Reorganising will also help in creating an ordered working environment for busy times ahead. What’s your shed looking like these days?

Shed. Autumn cleaning

Shed. © dead cat and re-used under CC BY-ND 2.0 licence.

Autumn cleaning the greenhouse and other glass

Choose a dry and calm day. The less wind the better, even if a still day may be a little too much to ask at this time of year.

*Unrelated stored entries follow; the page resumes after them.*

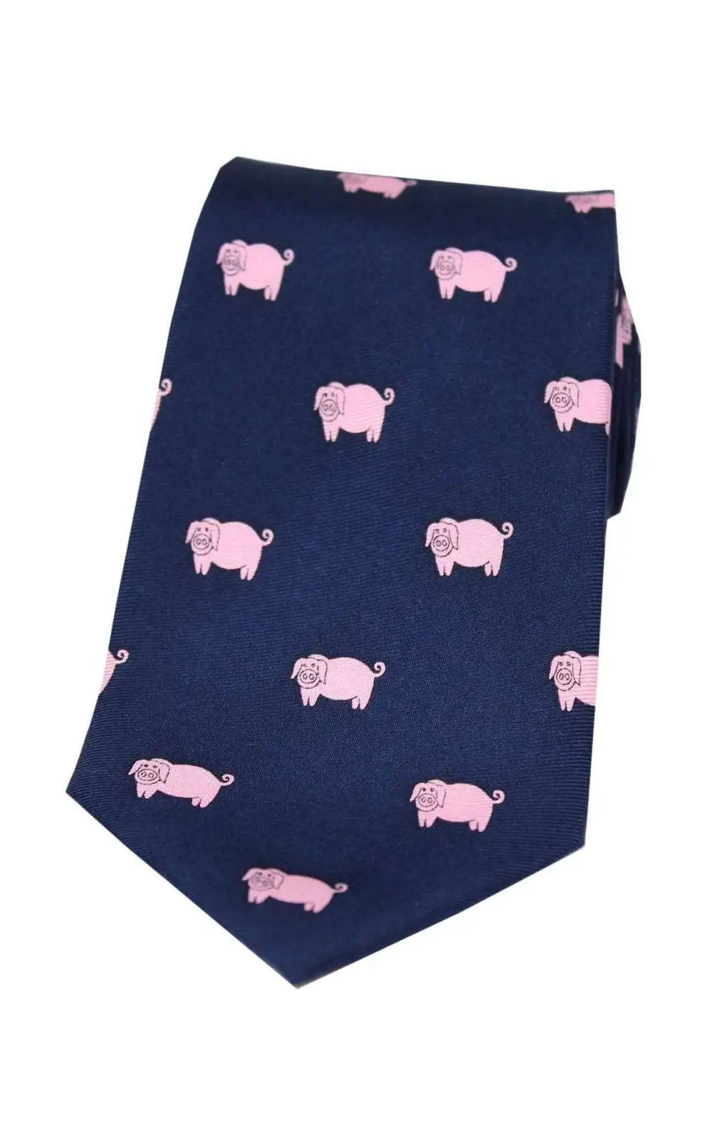 - Soprano Pink Pigs On Navy Blue Ground Country Silk Tie, the perfect addition to any discerning Gentlemen's Country wardrobe.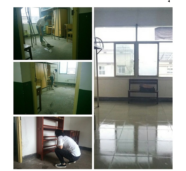 成员们经过一上午的辛苦劳动,将宿舍地面、窗户、书桌上的积灰清理干净。打扫完毕,寝室焕然一新。“没打扫前特别乱,特别脏,忙了一上午”,参加打扫的第三党支部的孟瑶同学说:“我和我的两个组员一共打扫了五间寝室,我主要负责拖地,另外两个组员负责扫地、抹书桌和擦窗台,最后我们一起对垃圾进行了处理。我发现大家一起打扫寝室,效率非常高。希望我们这些学长学姐的一个小小的付出就能够给新生们一个温暖干净的宿舍环境。”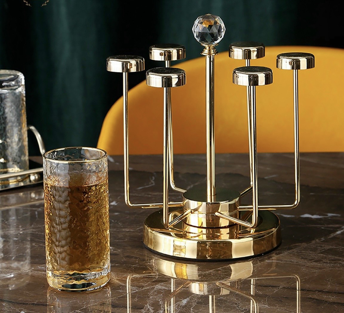 Giá cắm 6 chiếc cốc dạng gọn (CL95965) Giá có khay hứng nước Chất liệu sắt sơn tĩnh điện cao cấp màu vàng cực sang chảnh Dễ vệ sinh, không bị hoen rỉ Kiểu dáng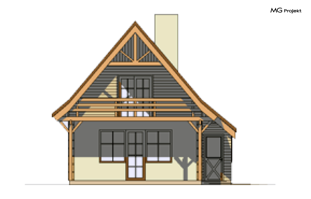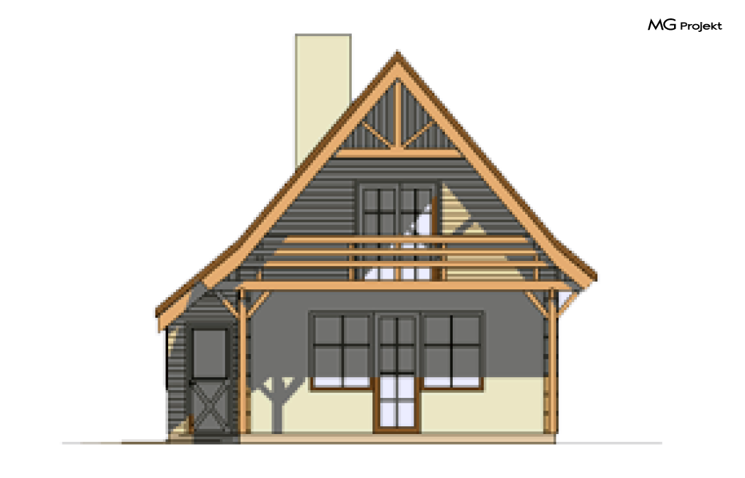 Wariant z mniejszym przeszkleniem z salonu na taras.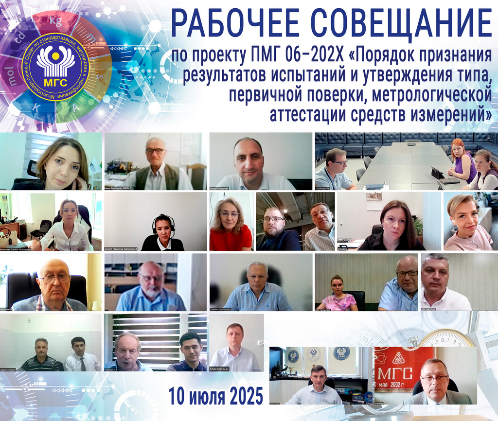 10 июля 2025 года проведено рабочее совещание по рассмотрению проекта ПМГ 06–202Х «Порядок признания результатов испытаний и утверждения типа, первичной поверки, метрологической аттестации средств измерений»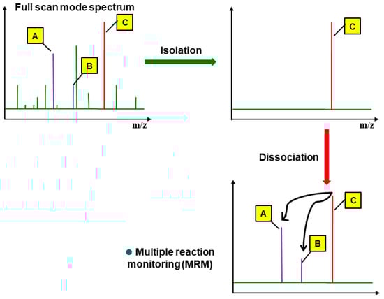 Procedure of multiple reaction monitoring (MRM). A, B, and C are representing qualitative ion 2, qualitative ion 1, and quantitative ion, respectively.

Be careful! Avoid breaking the glass!

  1. Remove plants and put them in a sheltered area, protected with fleece.
  2. Activate elbow grease.
  3. Brush or vacuum to remove all loose debris.
  4. Clean structural parts with disinfectant or detergent. Some people swear by hot soapy water with a dash of bleach.
  5. Wash glazing inside and out with something that does not damage it. (Jeyes Fluid, for example, is not suitable for polycarbonate glazing.) Hot soapy water works well. Scrub off any shade paint still on the outside of the glass after the summer.
  6. Use something flexible like a plastic plant label to clean out dirt, algae and moss trapped between panes of glass.
  7. Replace any broken parts such as vent controllers and draught excluders.

And in the shed …

Having a go at the shed is always worthwhile. If you’ve any interest in gardening at all you’ve probably accumulated a large number of clay and plastic flower pots:

  • for potting on seedlings
  • from the garden centre and whose former occupant is now in your garden or residing in a fancier pot
  • from school and charity plant sales (these can be quite unusual shapes, and may have started life as something else)
  • from the ‘must have’ section of the supermarket
  • from the ‘bargain corner’ of the supermarket
  • from something someone gave you once upon a time.

It is one of the Laws of Gardening that these flower pots do not stack efficiently in your shed.

Some gardeners make flower pot people to get round this problem.

Two flower pot men, RHS Garden Rosemoor, Great Torrington, Devon. Autumn cleaning

Two flower pot men, RHS Garden Rosemoor, Great Torrington, Devon. © Richard Knights and re-used under CC BY-SA 2.0 licence.

Good luck with your shed. I think I’m winning if I manage to throw three things away, and tidy just one small section. It all adds up - or so I tell myself.

And good luck with the autumn cleaning. Believe me: it really will make a difference when things get hectic again next spring and summer.